One World: 24 Hours on Planet Earth

Co-Authors / Illustrators
Age Range
Release Date
March 14, 2023
Buy This Book
Take a magical ride around the globe to see the wonders of a single moment in a story illuminating our precious and fragile natural world.

Our planet is always turning. It may be midnight in London, but in different time zones other living things are waking up, ready to hunt or feed or fight. As the clock strikes twelve, two sisters are spirited away on a journey to glimpse, in the span of a moment, extraordinary biodiversity: a mother polar bear and her cubs hunting seals in Svalbard, tiny turtles in India following the moon toward the sea, and enormous whale sharks gulping plankton in the Philippines. Quietly profound, this glowing tribute to the natural world—and reminder of its fragility—blends accessible science, lyricism, sweeping artwork, and a call for climate awareness into an ideal companion book for Earth Day, or any wondrous day on Earth.

Editor review

1 review
Dreamy and Insightful
Overall rating
Writing Style
Illustrations/Photos (if applicable)
Learning Value
I enjoyed how imaginative this story is written.
Two sisters, one minute to midnight, fantasize or dream, about flying to various locations around the globe.
Their trip is prefaced with a note to the reader about time zones. While this is beneficial for older reader, it was confusing for my youngest readers; the time zones align but the children couldn't see the connection to a full 24-hours on Earth.

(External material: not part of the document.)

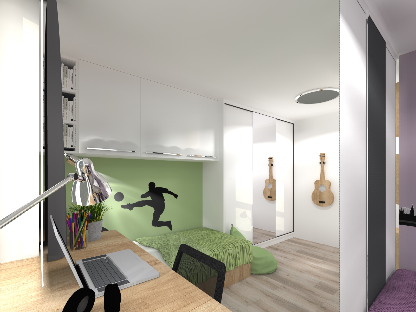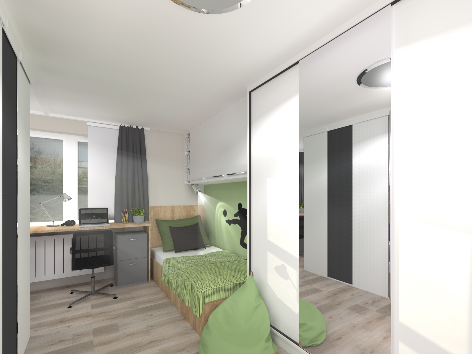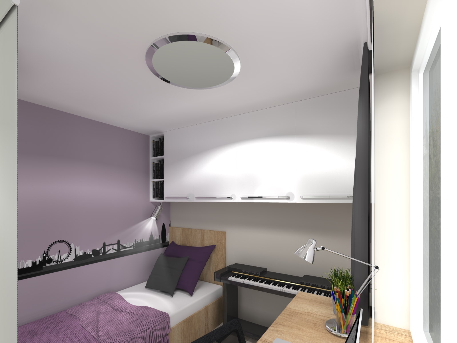 Jedním z hlavních cílů rekonstrukce interiéru tohoto bytu bylo poskytnout oddělené prostory dívce a chlapci, kteří toužili po alespoň částečném soukromí. Zároveň si oba chtěli svůj prostor přizpůsobit podle svých představ.
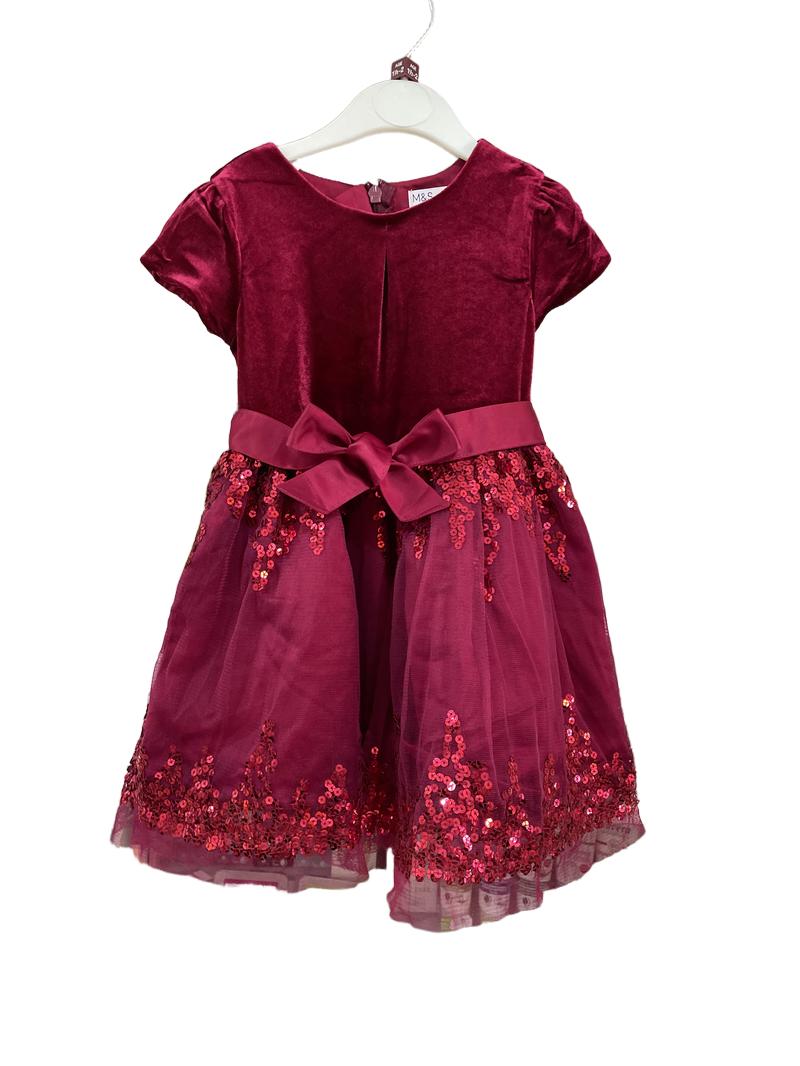 Preloved Marks & Spencer - Red Velvet And Sequin Tulle Short-sleeved Party Dress (18-24m)

The writing is moving, highlighting animal welfare. Some of the wording, and yes the illustrations, are a bit heavy for younger readers. I would have liked it if the author included more information on sustainability, conservation, and the like. While they include a few ideas like turning off lights and not wasting food, and they are opening the door for conversation at home, I feel like it isn't a strong enough "call to action."

I enjoyed the illustrations. The images are fun and colorful at one point, then dark and foreboding at another, really driving the point home.
The message is clear; it is One World and it is ours, but we share it with so many other creatures. Our actions have impact.
My children had a lot of fun finding the two sisters on each spread, as well as the animal actions.

One World is a nice introductory to conservation and a good read for Earth Day.